What needs to be done - The response should consist of every line below, restated exactly, with no pictures.

Collected data -
>>>
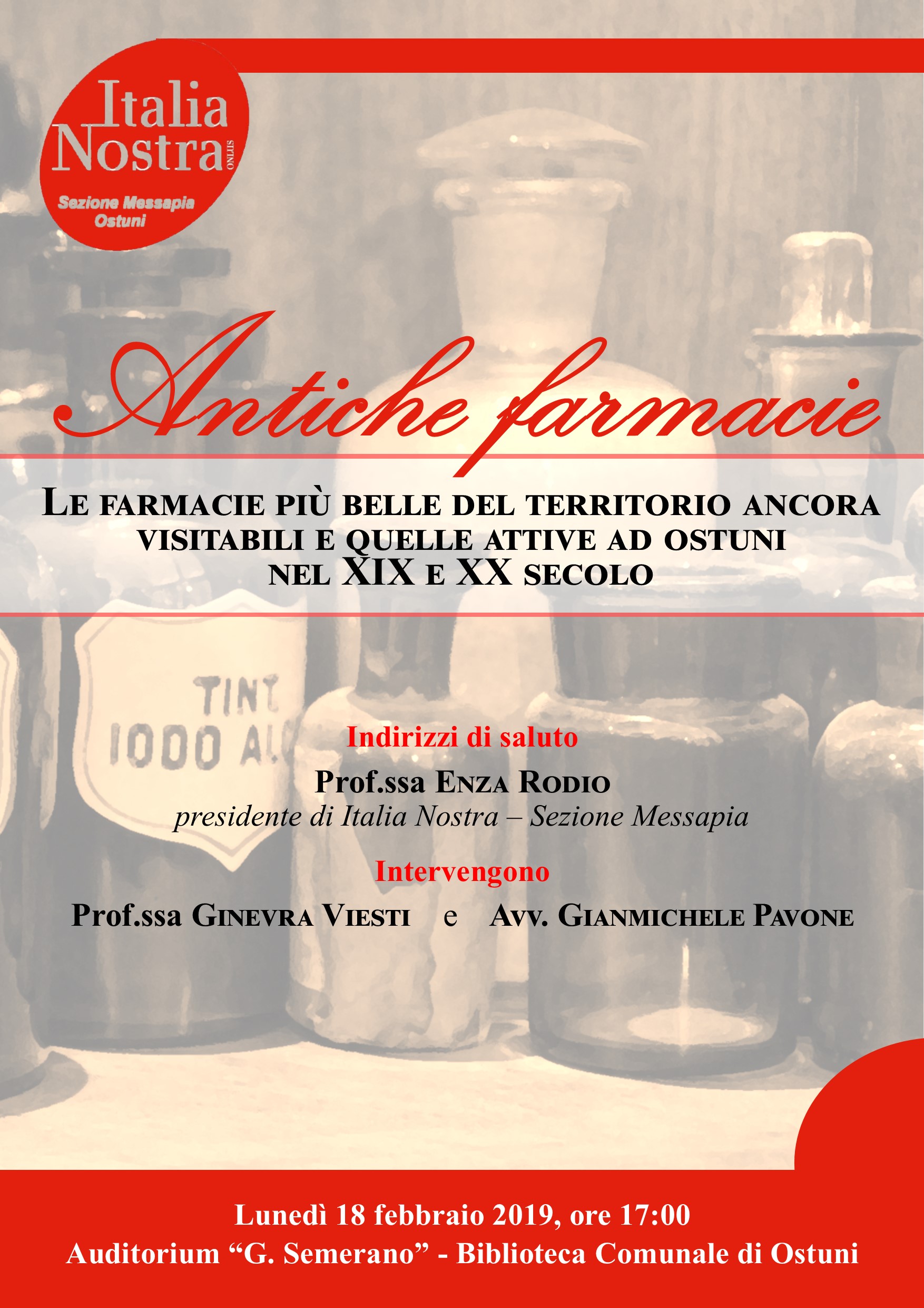 L’incontro, dal titolo “Antiche Farmacie“, è inserito nell’assemblea della Associazione “Italia Nostra- Sezione Messapia ” e sarà introdotto dalla presidente Enza Rodio e successivamente sviluppato da Ginevra Viesti e Gianmichele Pavone.
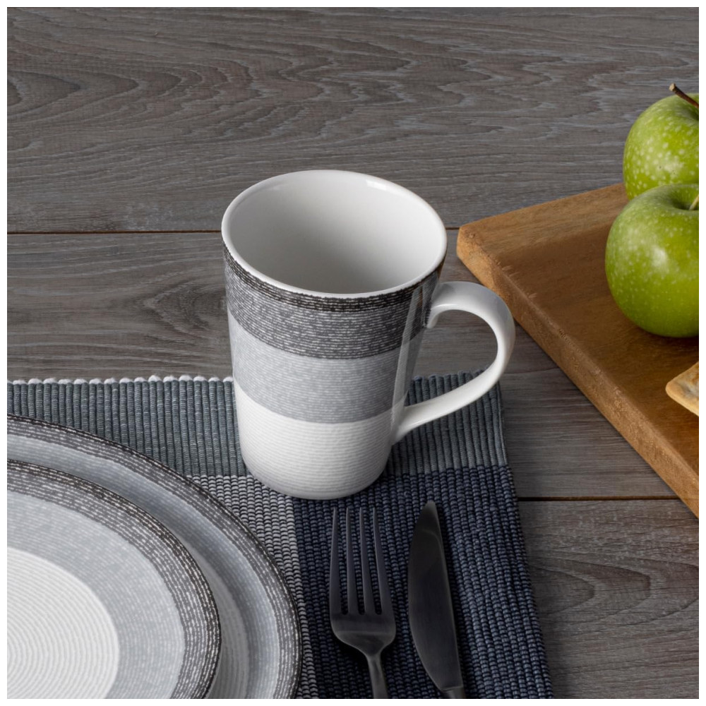 Este conjunto inclui um prato de jantar de 28 cm, um prato de salada/sobremesa de 21 cm, uma tigela de sopa/cereal de 15 cm e uma caneca de 355 ml, todos feitos de porcelana durável de alta qualidade.
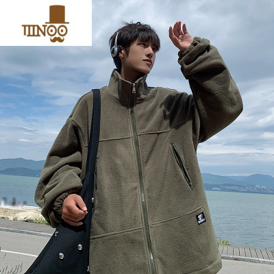 YANXU颗粒绒开衫卫衣男2023秋季新款潮流拉链口袋设计感青少年宽松外套
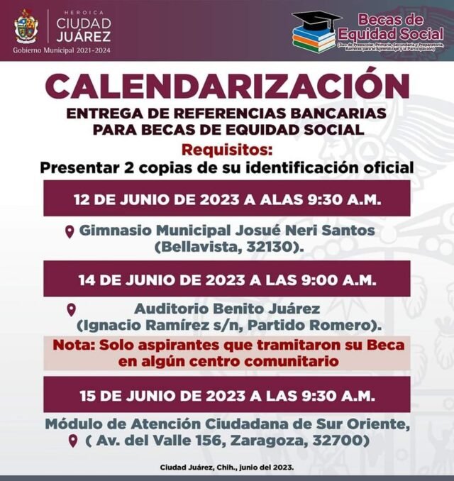 La Dirección de Educación Municipal anunció que el próximo lunes dará inicio la segunda entrega de referencias bancarias, por lo que se pide a los padres de familia que tramitaron con anticipación las becas escolares, acudir a las sedes donde les indica la plataforma digital.
<<<
Task solution -
 L’incontro, dal titolo “Antiche Farmacie“, è inserito nell’assemblea della Associazione “Italia Nostra- Sezione Messapia ” e sarà introdotto dalla presidente Enza Rodio e successivamente sviluppato da Ginevra Viesti e Gianmichele Pavone.
 Este conjunto inclui um prato de jantar de 28 cm, um prato de salada/sobremesa de 21 cm, uma tigela de sopa/cereal de 15 cm e uma caneca de 355 ml, todos feitos de porcelana durável de alta qualidade.
 YANXU颗粒绒开衫卫衣男2023秋季新款潮流拉链口袋设计感青少年宽松外套
 La Dirección de Educación Municipal anunció que el próximo lunes dará inicio la segunda entrega de referencias bancarias, por lo que se pide a los padres de familia que tramitaron con anticipación las becas escolares, acudir a las sedes donde les indica la plataforma digital.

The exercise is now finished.